Pandemic recovery, crisis response, and addressing the unprecedented challenges of our times rely on a foundation of timely, fit-for-purpose data. This requires a bold, radical approach to make strategy and intension a reality. We are best able to meet this challenge by building on experience and lessons, setting the foundation for effective global partnerships.
When COVID-19 hit the Gambia, the government was well-prepared to respond effectively. Thanks to a private-public partnership, anonymized big data from cellphone towers allowed policymakers to analyze migration patterns by tracking population movements and densities across the country. The data showed that areas with the highest proportion of underprivileged households experienced the largest disruption to their mobility, suggesting that social distancing policies disproportionally affected poorer districts. These insights on the pandemic’s real-time impact were instrumental in tracking the virus’s potential spread and created an evidence base for the government to assess where to focus its resources to optimize relief and recovery efforts.
The private-public data partnership underlying these efforts was supported through a small grant from the Trust Fund for Statistical Capacity Building (TFSCB), a multi-donor trust fund administered by the World Bank’s Development Data Group and supported by the United Kingdom’s Foreign, Commonwealth and Development Office. The Gambian project soon became the epitome of one of the many lessons learned during the TFSCB’s 22 years of operation: small grants (in the amount of $500,000 or less) can have significant impact.
COVID-19 Response Monitoring Projects in Africa — one of the highlights of the TFSCB booklet.
Launched last year, it is designed to scale up the generation, accessibility, and use of actionable data for recovery and development.
The GDF builds and expands on the impactful legacy of its predecessor, described in the recently published TFSCB booklet, featuring a selection of key TFSCB grants, project summaries, details of TFSCB support, and results achieved.
Top three lessons learned during the TFSCB program that can inform other financing endeavors aimed at improving the availability of data:
Building national demand for statistics increases the effectiveness and sustainability of capacity building activities
TFSCB grants were the most successful when their activities highlighted the value of using data, increasing national demand for statistics among various stakeholders. In these contexts, countries were more likely to continue statistical capacity building activities after the end of the grant, as well as to seek additional resources to support these activities going forward.
Informed by this insight, the GDF has enshrined country ownership and country leadership as its central priority. To truly enable the achievement of sustainable results and ensure long-term, effective financing for data and statistics priorities, the extent to which country leaders take up the mantle and accountability to implement the data revolution is the singular test of this collaborative enterprise. This includes bringing sufficient domestic spending to bear to sustain and expand on any progress achieved through the GDF, such as harnessing the current momentum toward the development of truly whole-of-government data systems and systemic support for data capital needs, as well as broader data literacy and data use at the national and subnational levels.
Partnering with other organizations is crucial for achieving systemic change
Building the capacity of countries to collect, share, and use high-quality data and statistics is a long-term objective that requires multiple types of interventions across several stakeholders. While small grants are effective for addressing urgent gaps in technical and operational skills, piloting innovative ideas, and catalyzing longer-term engagement in statistics, future donors and implementers should work towards coordinating approaches to support all aspects of national statistical systems.
That is why the GDF is part of a new global financing architecture developed in the framework of a partnership between the World Bank and the United Nations, in close collaboration and coordination with country partners and the Global Partnership for Sustainable Development Data. Working with the United Nations’ Complex Risk Analytics Fund (CRAF’d), the GDF has been designed to catalyze and incentivize significant additional financing, including under the $93 billion replenishment package of the International Development Association (IDA20).
Developing skills and tools that can be applied across a variety of statistical programs is critical to ensuring sustainability
When TFSCB grants supported national statistics offices (NSOs) in developing new tools and approaches that could be applied beyond the grant context, they resulted in long-lasting changes to the data collection processes of recipient countries.

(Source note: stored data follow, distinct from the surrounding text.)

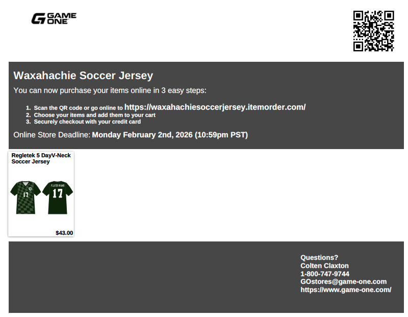 The Waxahachie Boys Soccer Team Store is officially open, and this store is specifically for customized player jerseys that fans can purchase and wear to support the team.
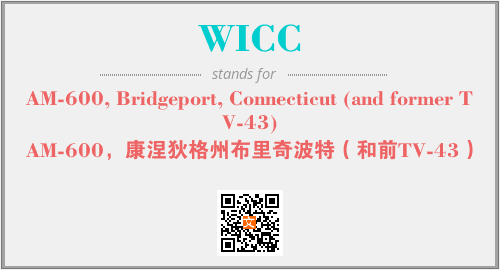 上述内容是“AM-600, Bridgeport, Connecticut (and former TV-43)”作为“WICC”的缩写,解释为“AM-600,康涅狄格州布里奇波特(和前TV-43)”时的信息,以及英文缩略词WICC所代表的英文单词,其对应的中文拼音、详细解释以及在英文中的流行度和相关分类、应用领域及应用示例等。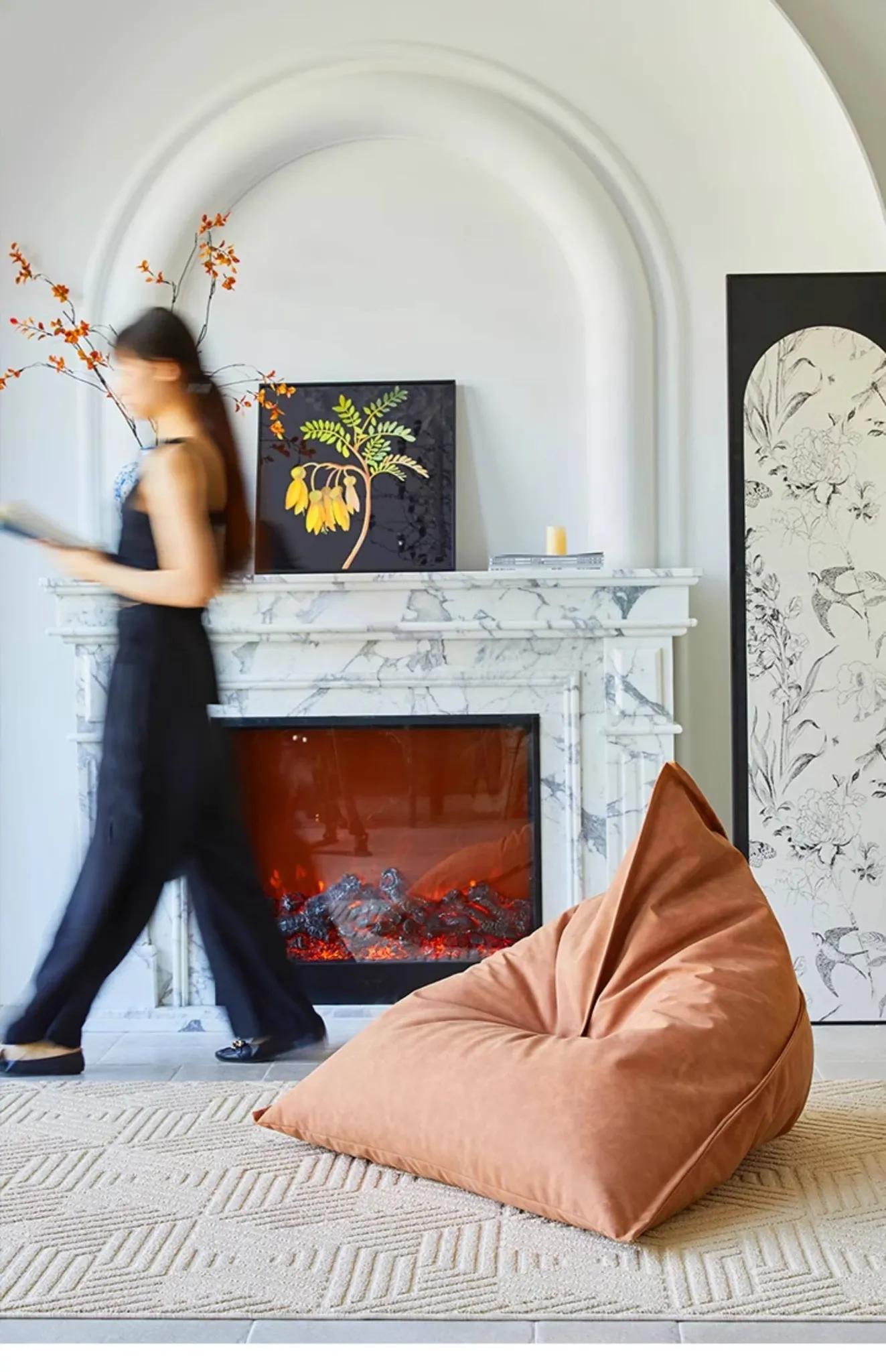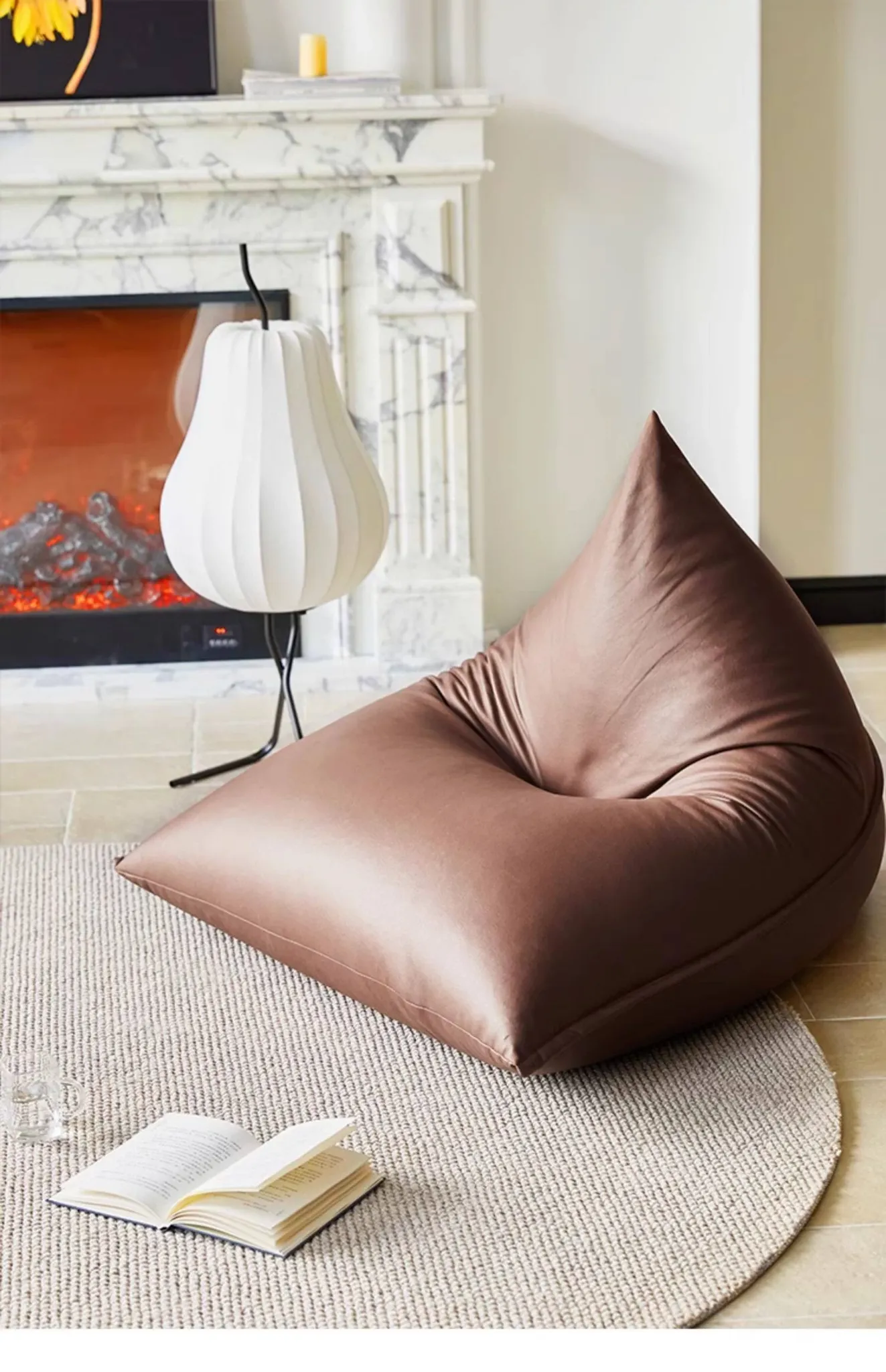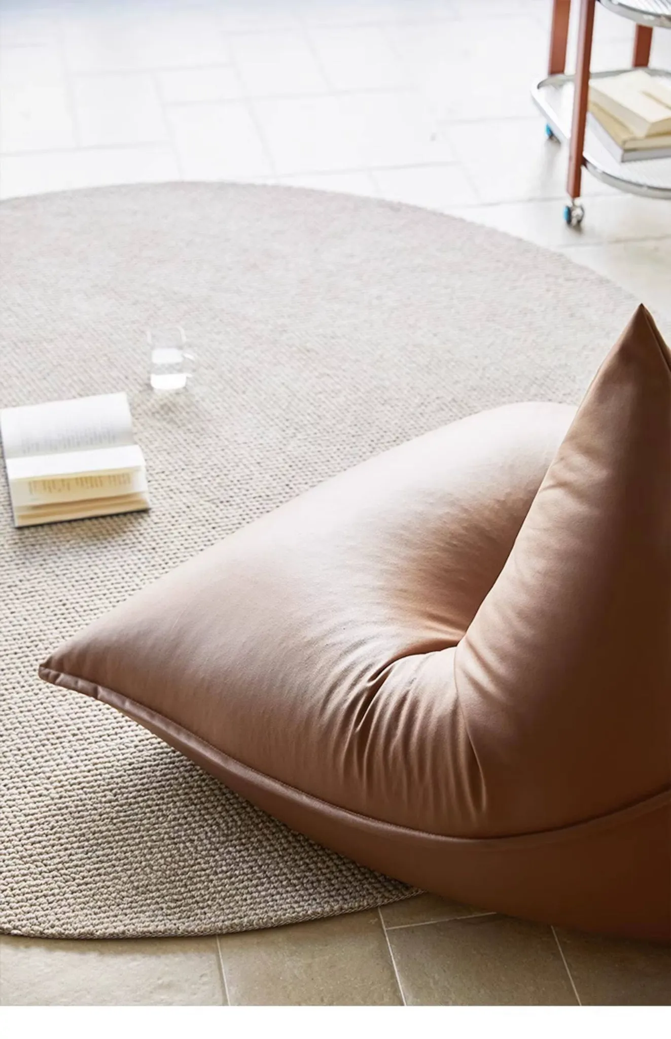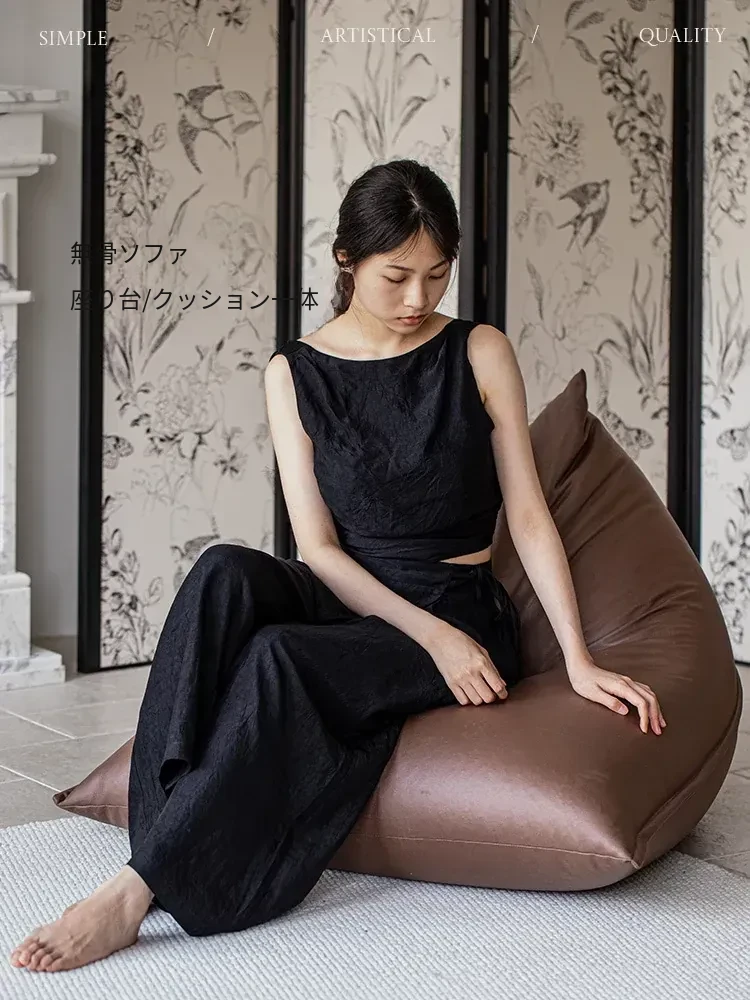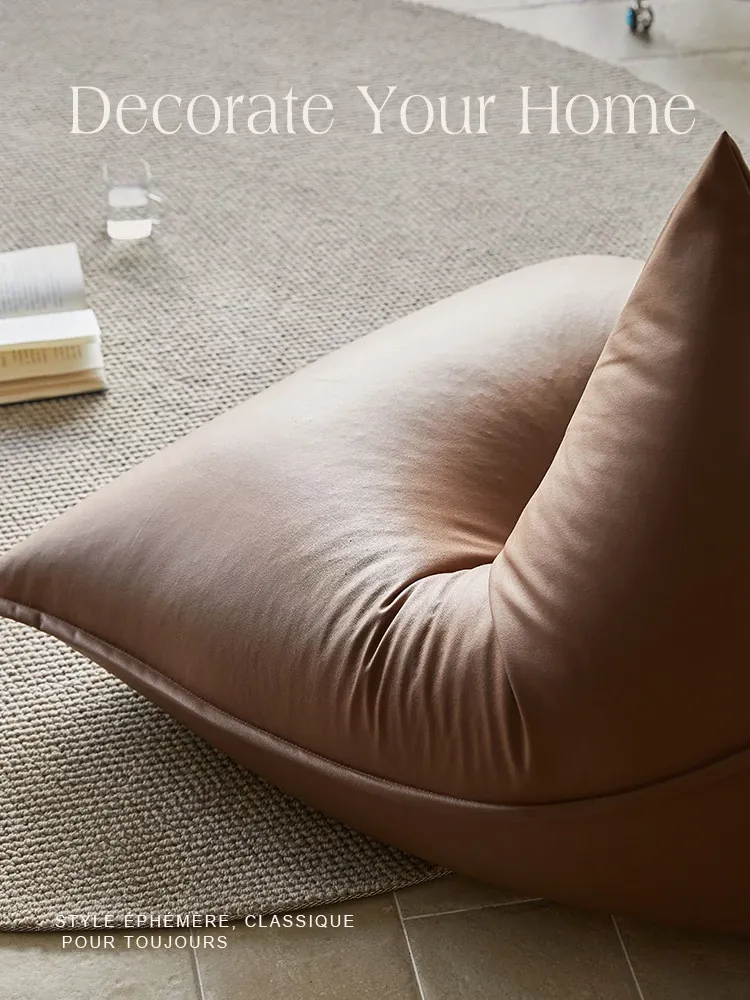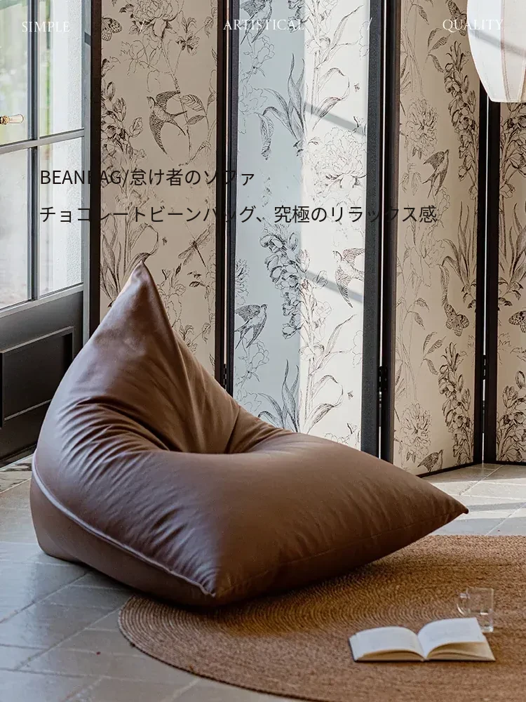 現代ミニマリストデザインのラグにぴったり!大きな三角形ビーズソファクッション、寝転びやすい快適さ。バルコニーやタタミスペースに最適なリラックスアイテム!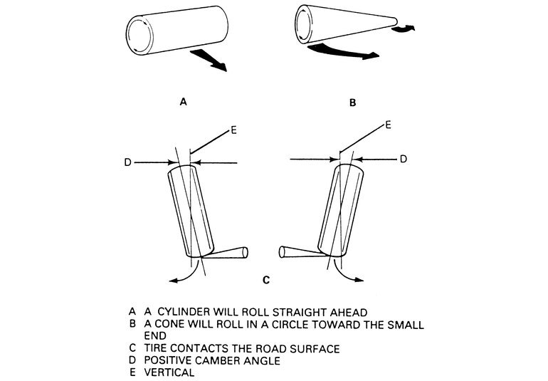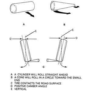 Looking from the front of the vehicle, camber is the inward or outward tilt of the top of wheels. When the tops of the wheels are tilted in, this is negative camber; if they are tilted out, positive. In a turn a slight amount of negative camber helps maximize contact of the tire with the road. Too much negative camber compromises straight-line stability, increases bump steer and torque steer.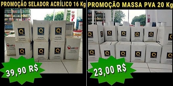 A unidade com 16kg de Selador Acrílico está pelo preço de R$ 39,90 e a unidade de Massa PVA com 20kg está por R$ 23,00, a promoção será enquanto durar o estoque.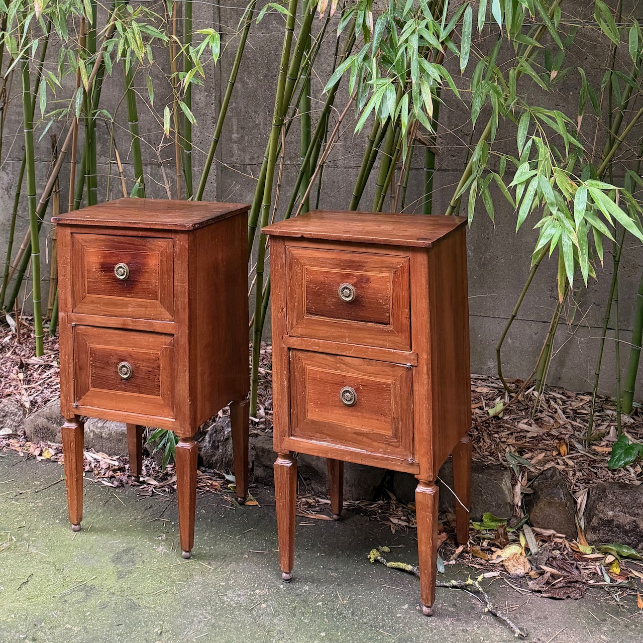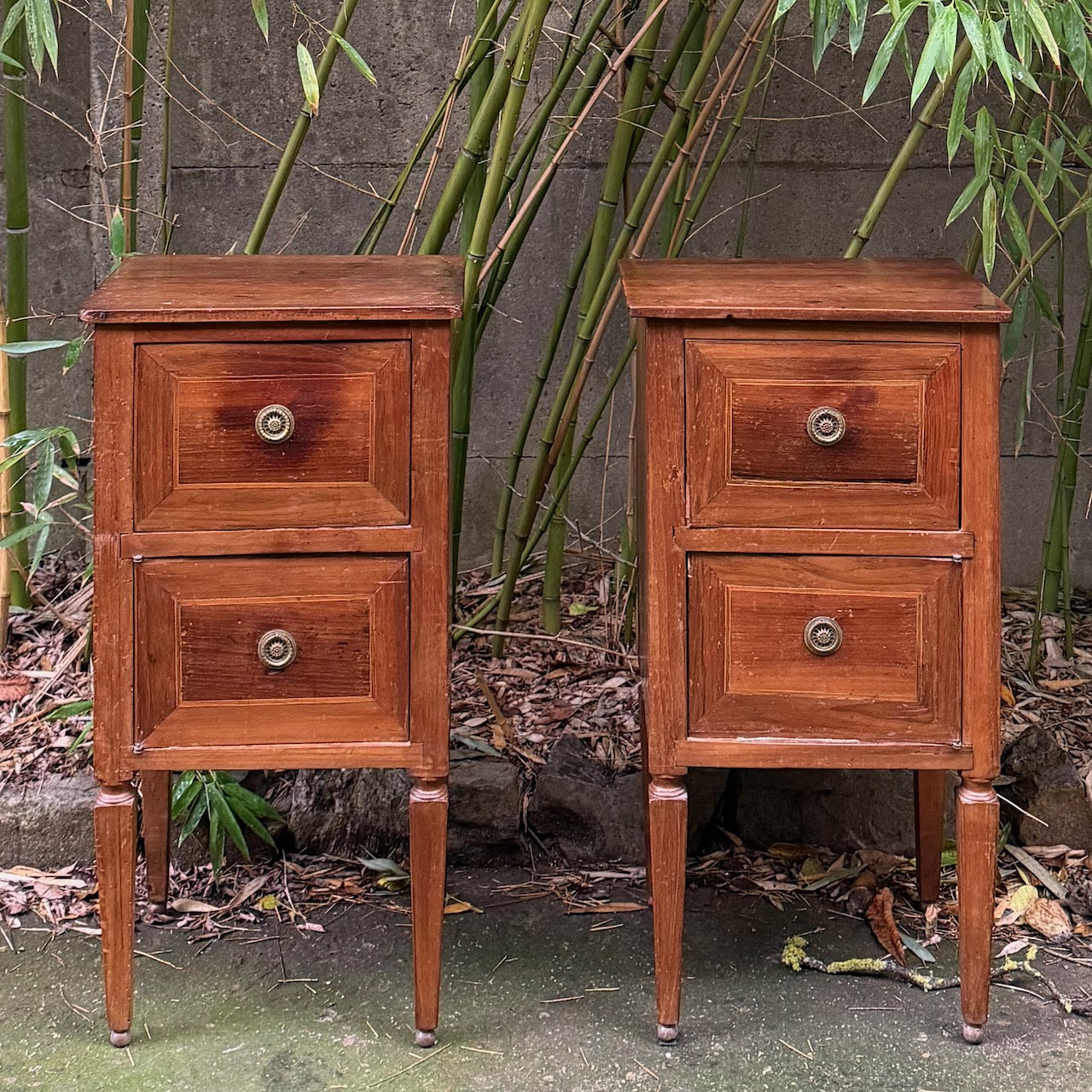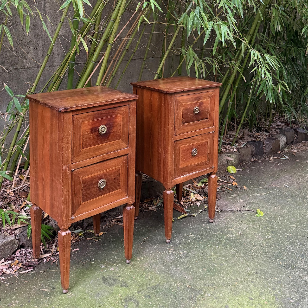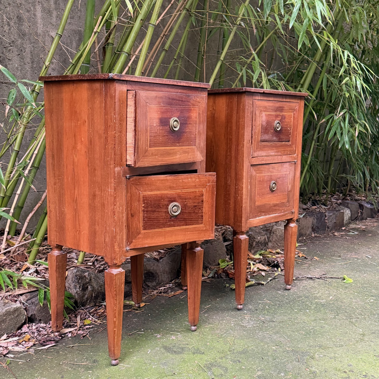 Coppia di comodini neoclassici, due cassetti sul fronte intarsiati con filettature, gambe a faretra. Italia, sec. XVIII

Recognizing the above, the GDF supports investments in both the fundamentals and the frontiers of data and statistics. It is particularly designed to support the provision of expert advice and technical assistance to enable low-and middle-income countries to realize the benefits of—and safeguard against risks inherent to—strengthened data systems and data capital and related innovations.
The sum total of these efforts is intended to support the achievement of integrated national data systems, as recommended in the World Development Report 2021: Data for Better Lives, and to enable the statistical capacity building necessary to realize the 2030 Agenda, as called for by the Cape Town Global Action Plan for Sustainable Development Data. This includes support to modernize data systems and use of a range of new data sources for better decision-making, improved efficiency, and strengthened information integrity at scale.